Reste aussi à trouver un chemin pour sortir du piège de la dette. Thierry Breton écarte une solution à la Raymond Barre : couper dans les dépenses jusqu’à les amener au niveau des rentrées. Pour l’actuel ministre, la France « doit aller chercher la croissance ». « Ce n’est qu’avec une croissance d’au moins 3 % que nous pourrons traiter le problème de la dette », argumente-t-il.

L’intuition est logique et l’ambition rationnelle. Mais alors, c’est la méthode qui pèche. Toujours dans la lignée de la majorité UMP, Thierry Breton reprend la politique de l’offre : les Français ne travailleraient pas assez.
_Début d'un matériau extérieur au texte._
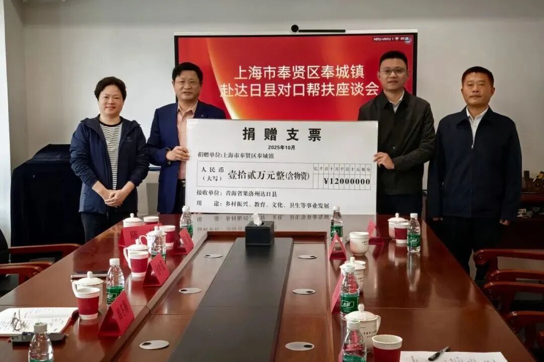 考察期间,奉城商会举行了爱心捐赠活动。上海申驰实业股份有限公司、上海齐达重型装备有限公司、上海洪铺钢结构工程有限公司、上海伯瑞制动器有限公司、上海雅米鼎宏业建设发展有限公司5家企业慷慨解囊,共同捐赠现金10万元;商会同时向达日县养老院捐赠了羽绒服、床上用品及投影仪等爱心物资。此次捐赠现金及物资总计价值12万元,并通过举牌仪式,将这份承诺融入达日县乡村振兴、教育文化等事业的宏伟蓝图,助力当地共建美好生活。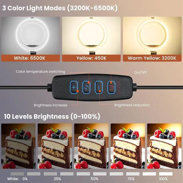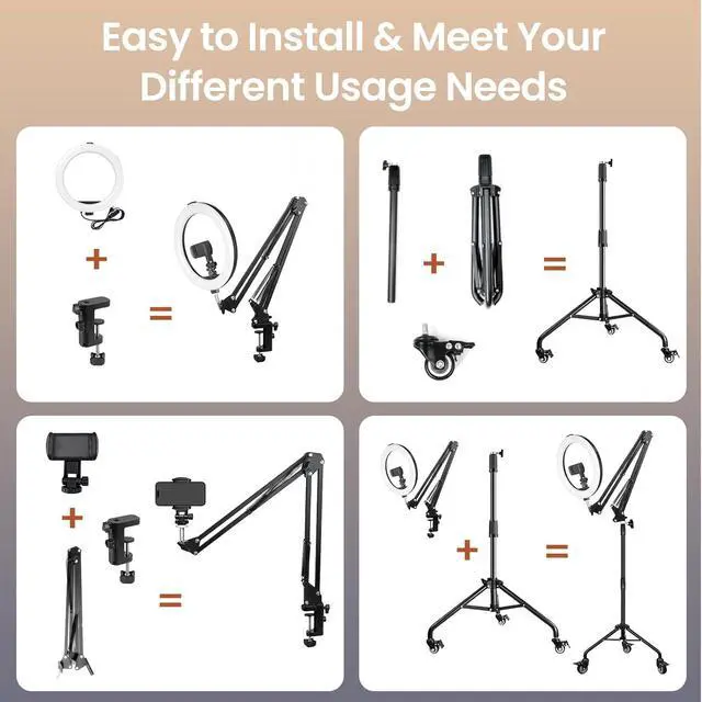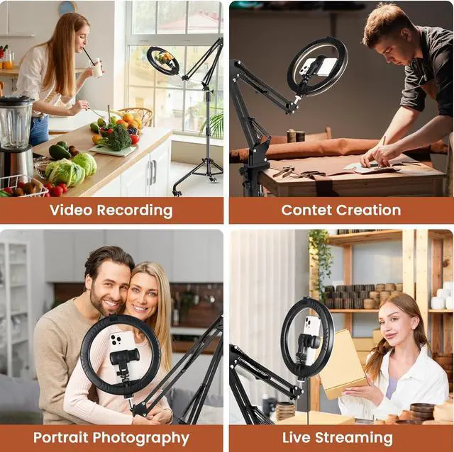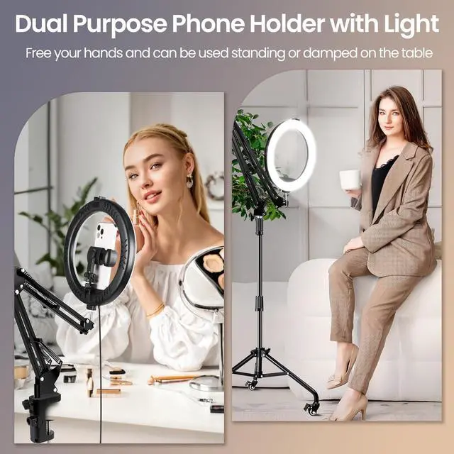 The phone recording stand with ring light is simple to install and easy to move, whether as a standing ring light or a ring light for desk, you can use this ring light in the kitchen, living room, bedroom, studio. This phone light for video recording can also be used for makeup, manicure, beauty, live streaming, online teaching and portrait photography, etc. It is an essential tool for YouTube, TikTok and content creation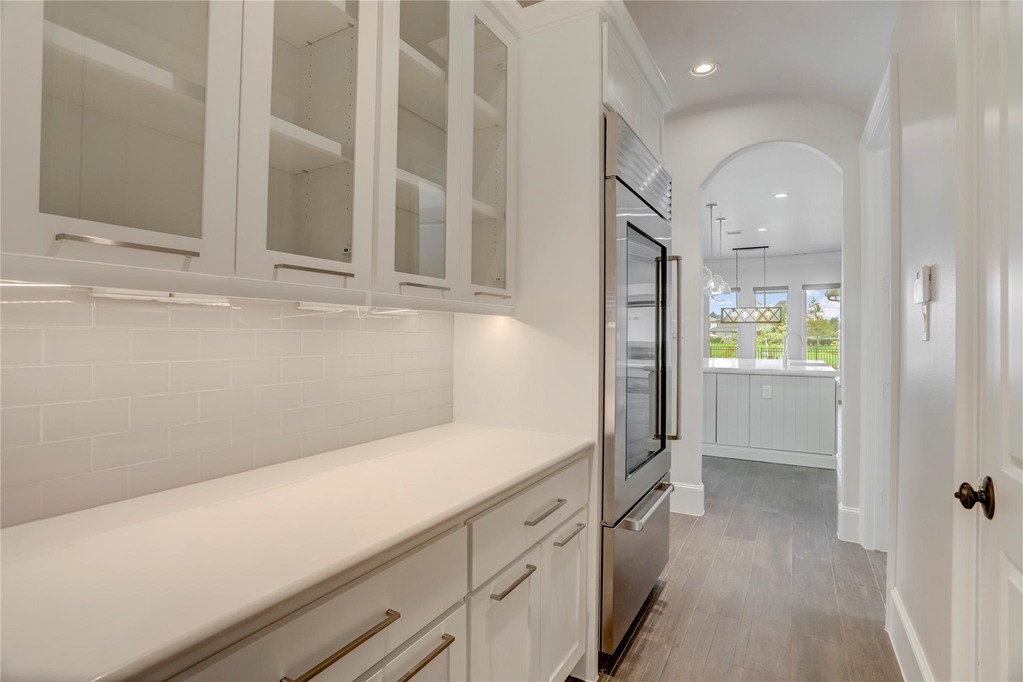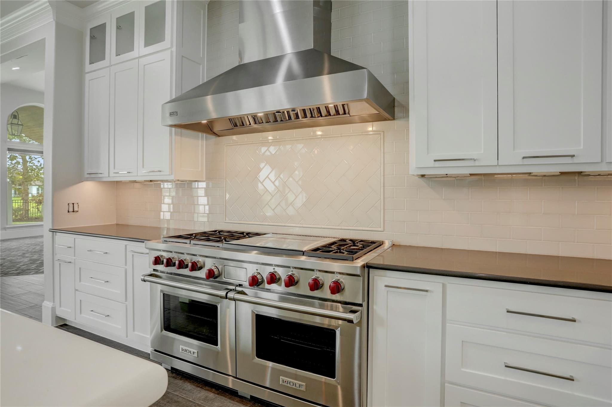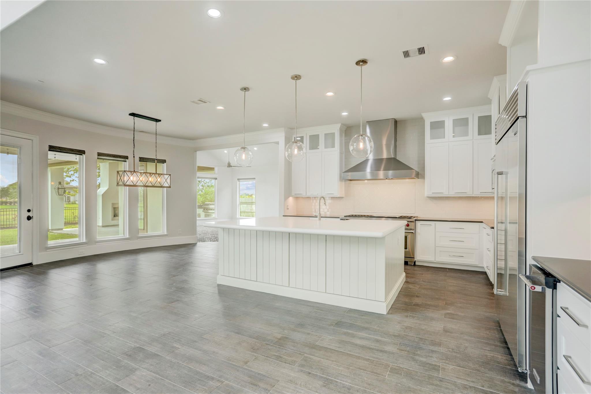 RARE opportunity to be on the lake! Fresh paint inside and out, new carpet, new front doors with new keypad entry. This home is ready for you! Inside you will find duel staircases, a brick floored game room, sunken wine room with a Sub Zero Wine fridge, 22' stone fireplace, a Chef's kitchen featuring a quartz countertop island (with sink), 2 built in Sub Zero refrigerators, a separate ice maker, 60" Duel Fuel WOLF range with Viking Hood! If you love to host, this is your house! The kitchen is open and splits the game & family room featuring floor to ceiling windows with a STUNNING lake view! The primary bathroom has a HUGE walk in closet, double vanities/sinks and a walk in shower with 2 separate shower heads and controls. Upstairs has 3 bedrooms and a media room. Garage is bigger & deeper than normal; 24' wide, 18' wide door x 8' tall Enjoy the view of the lake under your covered outdoor kitchen w/NatGas Grill and fireplace. Walkable to new Cline Elementary and Friendswood JH.

Et d’appeler à l’allongement de la durée de vie au travail, au motif que la France est le pays où le taux d’activité au-delà de 54 ans est le plus faible des pays développés. De même, comme Nicolas Sarkozy appelle-t-il de ses voeux une « immigration choisie », destinée à compenser la baisse de la population active qui commencera à faire sentir ses effets dès 2006.

Réserves

C’est mettre la charrue avant les boeufs. Car avec 10 % de chômeurs, et un taux d’emploi féminin assez bas, la France a des réserves de main-d’oeuvre conséquentes : plusieurs millions de personnes, alors que les fameux « emplois non pourvus » sont au plus 500000. Le fait est simple et massif : c’est d’emplois dont manque, pour le moment, le pays, pas de bras. Et plutôt que de chercher à faire travailler plus longtemps, le gouvernement devrait s’attacher à faire travailler plus de monde.